[[ Data below, beginning ]]
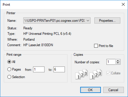 The Print dialog allows you to select a specific printer and print data.
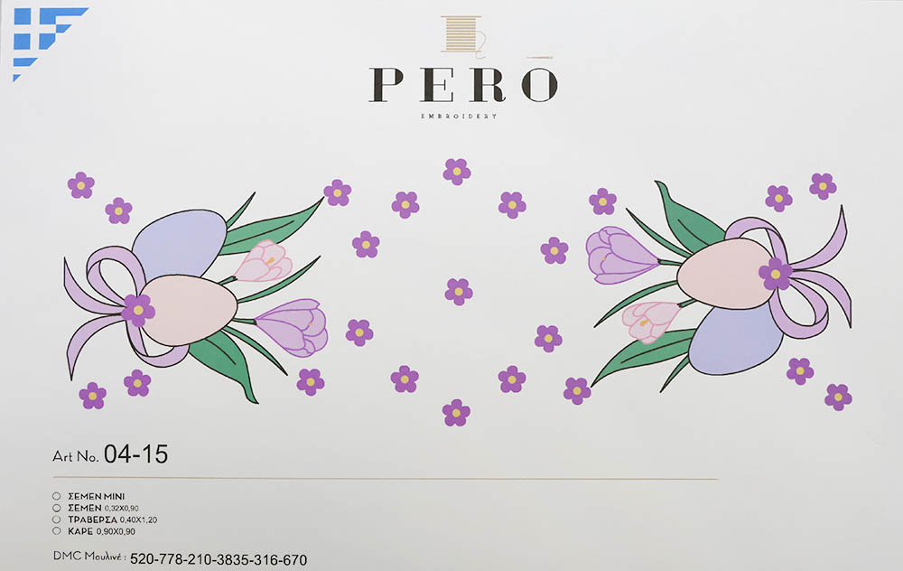 Κέντημα τραβέρσα 50Χ130cm με σχέδιο Πασχαλινό - Αυγό και Λουλούδια της εταιρείας Pero
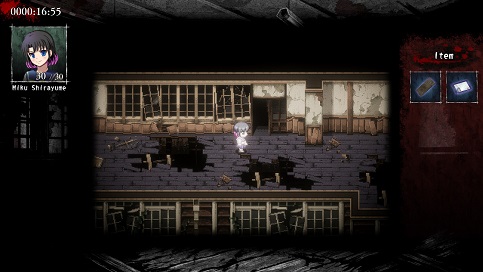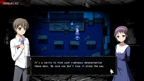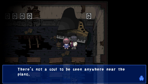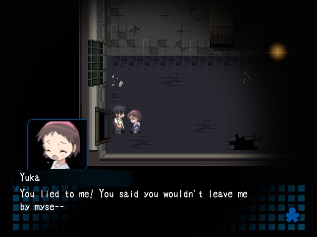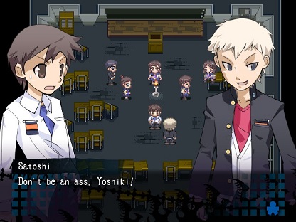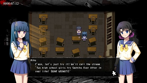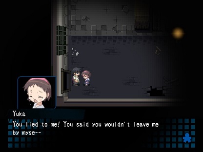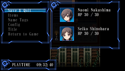 There's a little bit of the spirit of Clock Tower in this one- the general idea, the multiple ways to die and the game tracking your progress with the bad endings- but instead of being a horror-themed point-and-click adventure, Corpse Party is, as I said, more like a 16-bit RPG with healthy dollopings of visual novel elements thrown in. Rather than fight battles and level up, your character (which constantly changes to the whims of the story) wanders the halls of Heavenly Host Elementary, picking up items, examining notes/corpses for clues, making decisions at certain points, and triggering cut-scenes to move the story along. The school isn't actually that big, and you'll see the same halls quite a few times, but as each set of characters initially occupy alternate versions of the same place, different paths are available in different schools (changed further by the constant earthquakes). The only other quirks are the student IDs found on corpses (gotta catch 'em all- they detail how the victim died) and certain 'chase' sequences where you're pursued by an enemy (nowhere to hide like in Clock Tower- just evade until you advance the story) with bad things happening if you're caught. That's pretty much all there is to it, the game is about 70% text, 30% adventurin', and there's no gameplay mechanics beyond that (although amusingly each character has a HP count on the status screen, only used in two specific parts of the game). There isn't much to moan about here- the mechanics do the job, and paying attention to what you're told (you might want a notepad for this one) should get you through pretty easily. The only complaint here is that the chase sequences can feel a little clumsy (I can see people getting stuck on the first one, but they're not that common) and certain items- loose planks in particular- are very easily missed, which can leave you stuck. (That said, the plank is a lot easier to see if you're playing on a PS Vita, which really does wonders for Corpse Party's presentation).
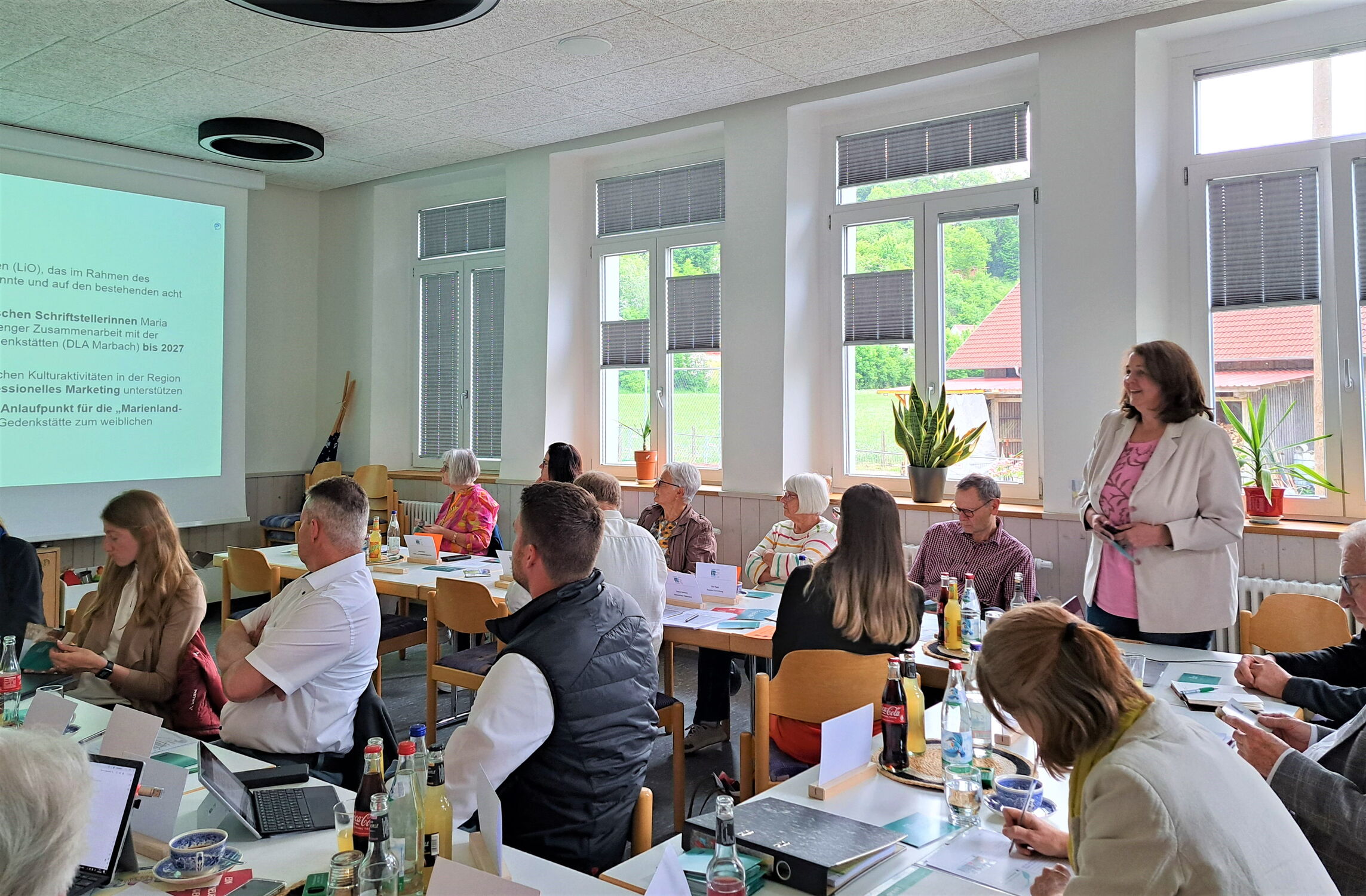 Viele Projekte sind investive Projekte, jedoch fördert LEADER im Rahmen des Regionalbudgets auch nicht-investive Projekte wie Konzepte oder Veranstaltungen. Ein Beispiel im Regionalbudget 2024: „Literatur eine Heimat geben“. Projektträgerin war Henrike Müller vom Büro für Regionalkultur eG für das Literaturnetzwerk Oberschwaben, die das Ergebnis der Konzepterarbeitung bei der Auswahlsitzung präsentierte. Zunächst ging es um die Suche nach Wirkungsorten der oberschwäbischen Dichterinnen Maria Beig, Maria Menz und Maria Müller-Gögler („drei Marien“) im Donau(t)raum Oberschwaben. Es folgten Expert*innengespräche, während derer sich die Diskussion schnell auf Maria Müller-Gögler und den Ort Munderkingen fokussierte, da sie vier Jahre in Munderkingen verbrachte. Im November fand ein Beteiligungsworkshop zur breiten ldeensammlung vor Ort statt, in dessen Ergebnis ein Konzept entstand, das Munderkingen mit Maria Müller-Gögler den Weg ins Literaturland Baden-Württemberg ebnet. Aktuell stellt Peter Dunkl die Literatin an vier Lese-Abenden über den Sommer an wechselnden Orten in Munderkingen vor (siehe LINK).
[[ Data below, end ]]
Repeat every line above exactly, but omit all images.

 The Print dialog allows you to select a specific printer and print data.
 Κέντημα τραβέρσα 50Χ130cm με σχέδιο Πασχαλινό - Αυγό και Λουλούδια της εταιρείας Pero
 There's a little bit of the spirit of Clock Tower in this one- the general idea, the multiple ways to die and the game tracking your progress with the bad endings- but instead of being a horror-themed point-and-click adventure, Corpse Party is, as I said, more like a 16-bit RPG with healthy dollopings of visual novel elements thrown in. Rather than fight battles and level up, your character (which constantly changes to the whims of the story) wanders the halls of Heavenly Host Elementary, picking up items, examining notes/corpses for clues, making decisions at certain points, and triggering cut-scenes to move the story along. The school isn't actually that big, and you'll see the same halls quite a few times, but as each set of characters initially occupy alternate versions of the same place, different paths are available in different schools (changed further by the constant earthquakes). The only other quirks are the student IDs found on corpses (gotta catch 'em all- they detail how the victim died) and certain 'chase' sequences where you're pursued by an enemy (nowhere to hide like in Clock Tower- just evade until you advance the story) with bad things happening if you're caught. That's pretty much all there is to it, the game is about 70% text, 30% adventurin', and there's no gameplay mechanics beyond that (although amusingly each character has a HP count on the status screen, only used in two specific parts of the game). There isn't much to moan about here- the mechanics do the job, and paying attention to what you're told (you might want a notepad for this one) should get you through pretty easily. The only complaint here is that the chase sequences can feel a little clumsy (I can see people getting stuck on the first one, but they're not that common) and certain items- loose planks in particular- are very easily missed, which can leave you stuck. (That said, the plank is a lot easier to see if you're playing on a PS Vita, which really does wonders for Corpse Party's presentation).
 Viele Projekte sind investive Projekte, jedoch fördert LEADER im Rahmen des Regionalbudgets auch nicht-investive Projekte wie Konzepte oder Veranstaltungen. Ein Beispiel im Regionalbudget 2024: „Literatur eine Heimat geben“. Projektträgerin war Henrike Müller vom Büro für Regionalkultur eG für das Literaturnetzwerk Oberschwaben, die das Ergebnis der Konzepterarbeitung bei der Auswahlsitzung präsentierte. Zunächst ging es um die Suche nach Wirkungsorten der oberschwäbischen Dichterinnen Maria Beig, Maria Menz und Maria Müller-Gögler („drei Marien“) im Donau(t)raum Oberschwaben. Es folgten Expert*innengespräche, während derer sich die Diskussion schnell auf Maria Müller-Gögler und den Ort Munderkingen fokussierte, da sie vier Jahre in Munderkingen verbrachte. Im November fand ein Beteiligungsworkshop zur breiten ldeensammlung vor Ort statt, in dessen Ergebnis ein Konzept entstand, das Munderkingen mit Maria Müller-Gögler den Weg ins Literaturland Baden-Württemberg ebnet. Aktuell stellt Peter Dunkl die Literatin an vier Lese-Abenden über den Sommer an wechselnden Orten in Munderkingen vor (siehe LINK).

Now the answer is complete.